Can Two New Managers Follow Legends?
It's tough filling a legend's shoes, but someone has to do it... and these two have taken over for a couple of the top fund managers around.
Some of the trickiest handoffs in the fund world happen at the retirement of renowned managers who run idiosyncratic strategies that are a manifestation of their personalities.
Not only are the successors filling big shoes, but they also have to decide how much they want to change the strategy in light of investors’ expectations. After all, investors didn’t come to Third Avenue Value (TAVFX) or Columbia Value & Restructuring (UMBIX) for plain vanilla. They left the beaten path for managers and strategies that offered a better way.
As fund investors, we must be particularly alert to changes at such funds, while at the same time assessing the abilities of the managers and analysts in charge. Quirky strategies make for quirky returns, and it takes a longer time period to really judge them. Look back over their histories, and you’ll see these funds have gone in and out of favor a few times, even though the long-term returns look appealing.
In June, I moderated a panel of managers running two funds that had recently made the switch. I felt our Analyst Ratings for the funds were validated by what I heard, but with the funds in transition those ratings are hardly carved in stone.
Third Avenue Value
After the panel, the first question I was asked was why we are rating Third Avenue Value Silver in light of weak recent performance. For starters, Third Avenue has built a strong stable of analysts and managers, each of whom apply Marty Whitman’s “safe and cheap” mantra a little differently.
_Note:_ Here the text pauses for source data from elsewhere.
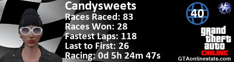 [URL=http://GTAonlinestats.com/showplayer/Candysweets][IMG]http://GTAonlinestats.com/racesignature/Candysweets/sig.png[/IMG][/URL]
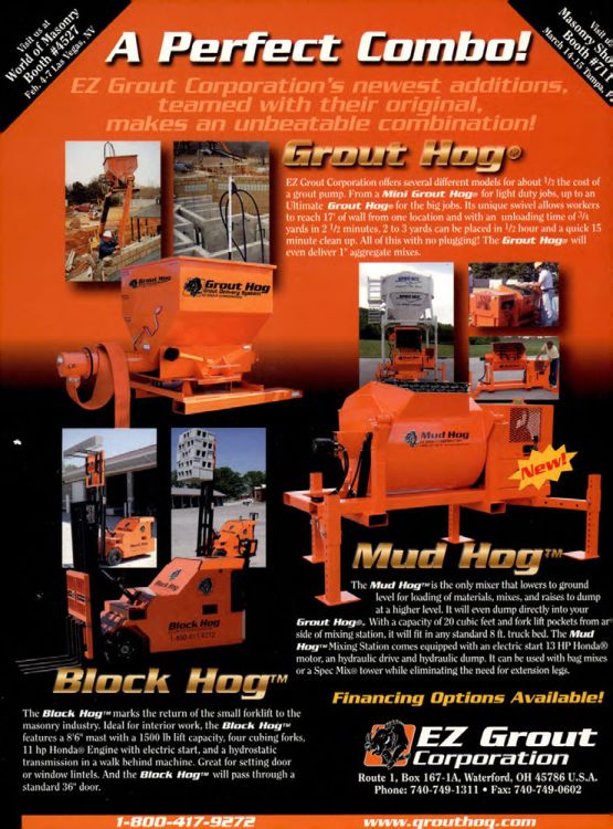 EZ Grout Corporation offers several different models for about 1/3 the cost of a grout pump. From a Mini Grout Hage for light duty jobs, up to an Ultimate Grout Hoge for the big jobs. Its unique swivel allows workers to reach 17' of wall from one location and with an unloading time of 3/4 yards in 2 1/2 minutes, 2 to 3 yards can be placed in 1/2 hour and a quick 15 minute clean up. All of this with no plugging! The Grout Hoge will even deliver 1 aggregate mixes.
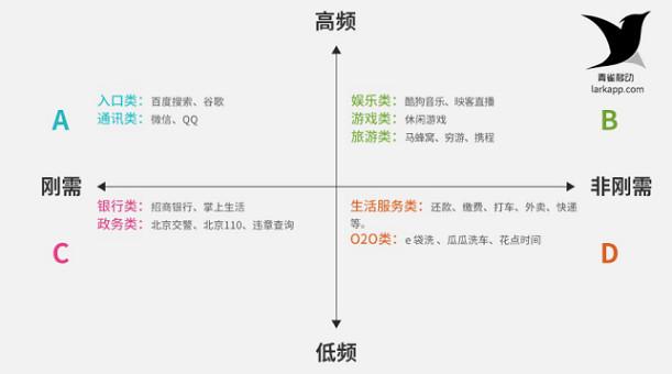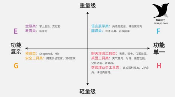 我們先來解讀一下張小龍說的話:微信小程序是一種無處不在、觸手可及、隨時可用、用完即走的小應(yīng)用。話中提到小字,再想想名字也是“小”程序,可見,低頻,非剛需,輕量級、功能單一,不需要調(diào)動太多系統(tǒng)級能力的應(yīng)用似乎更適合小程序。

Ian Lapey has worked at Third Avenue for more than a decade, and was named comanager in July 2009. Whitman handed him the wheel in March 2012 when he stepped down from the fund (though not from the firm).
Although he says he plans to continue using Whitman’s strategy, Lapey quickly went to work on what was the fund’s biggest vulnerability. He pared the fund’s huge weighting in Hong Kong real estate names to 39% of assets from 50%.
This makes sense, as defensiveness was one of the fund’s appealing traits. Even if Whitman and Lapey are right about the Hong Kong real estate plays, the bet is outsized and not really consistent with “safe and cheap” from a portfolio perspective.